Ученые в исследовательской группе для Генетики и Экспериментальной Биоинформатики во главе с профессором доктором Вольфгангом Гессом и исследовательской группе для Биоинформатики во главе с профессором доктором Рольфом Бэкофеном, членом Группы Превосходства Центр BIOSS Биологических Сигнальных Исследований, обоих из Фрайбургского университета, сотрудничали с исследовательской группой, возглавляемой профессором доктором Йоргом Фогелем из Университета Вурцбурга, чтобы сравнить регулирующие механизмы связанных бактерий. Это сравнение – основание компьютерной программы CopraRNA. CopraRNA уменьшает сложные лабораторные испытания, упрощая поиск бактериальных регуляторов.
Это было издано в научном журнале «Proceedings of the National Academy of Sciences». Понимание функций этих регулирующих молекул жизненно важно, чтобы бороться с болезнетворными микроорганизмами в медицине. Кроме того, их модификация может помочь в биотехнологических проектах.
В отличие от большинства молекул, которые управляют клеткой, регуляторы, исследованные в этом исследовании, не являются белками; они – молекулы РНК. Эти рибонуклеиновые кислоты, как ДНК, состоят из кодекса четырех nucleobases, которые формируют цепь, связанную сахарной основой фосфата. В прошлом РНК только рассматривались как рабочие копии ДНК для синтеза белка.
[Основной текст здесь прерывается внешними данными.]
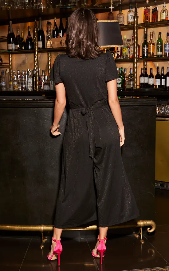 A classic black sequin glitter jumpsuit with angel sleeves with a touch of festive glamour. This black glitter jumpsuit is perfect for a Christmas party, night out or formal event. Pair with heels and one of our genuine Italian leather handbags to complete the look. Stylish, sexy and flattering, this jumpsuit is a must have this party season.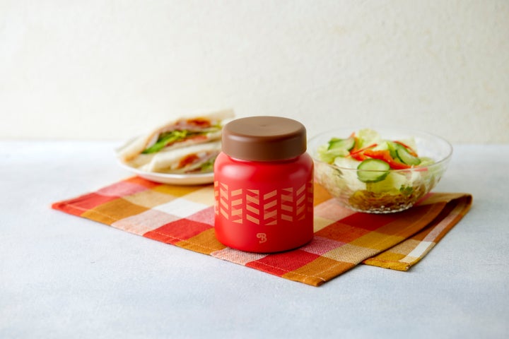 もう一つのオリジナルグッズは「オリジナルスープジャー」です。食卓に彩りを添える赤い本体には、ヘリンボーンをモチーフにした柄がプリントされています。優れた保温・保冷力を持ち、温かい料理も冷たい料理も食べごろの温度で維持することが可能です。

Молекулы РНК, изученные здесь, не производят белки, как бы то ни было. Поэтому их называют, не кодируя молекулы РНК или ncRNAs. Это было недавно обнаружено, что эти молекулы играют ключевую роль в сигнальной сети клетки – например, когда бактерия реагирует на внешние стимуляторы. Как регулятор, РНК связывает со многими различными целями в бактериальной клетке, таким образом регулируя синтез белка.
Тысячи недавно обнаруженных ncRNAs действуют как регуляторы в бактериальных клеточных системах. Исследование их функции в лаборатории требует большого усилия. Много всесторонних тестов необходимы, чтобы определить, с какими генетическими последовательностями они взаимодействуют.
Мы можем упростить этот процесс, предсказав, для каких генов эти молекулы могли бы предназначаться для активации или деактивации. Оба основаны на отдельных последовательностях ncRNA регуляторов.
Именно поэтому ученые разработали программу CopraRNA как часть совместного проекта «ebio: RNAsys – Systembiologie der RNA», который финансируется немецким Министерством образования и Исследованием. Исследователи могут теперь войти в последовательность РНК трех или больше бактериальных разновидностей на веб-сайте rna.informatik.uni-freiburg.de/CopraRNA/, чтобы приобрести информацию об их возможных функциях.
Правильно ли предсказание, должен тогда быть развит экспериментами в лаборатории.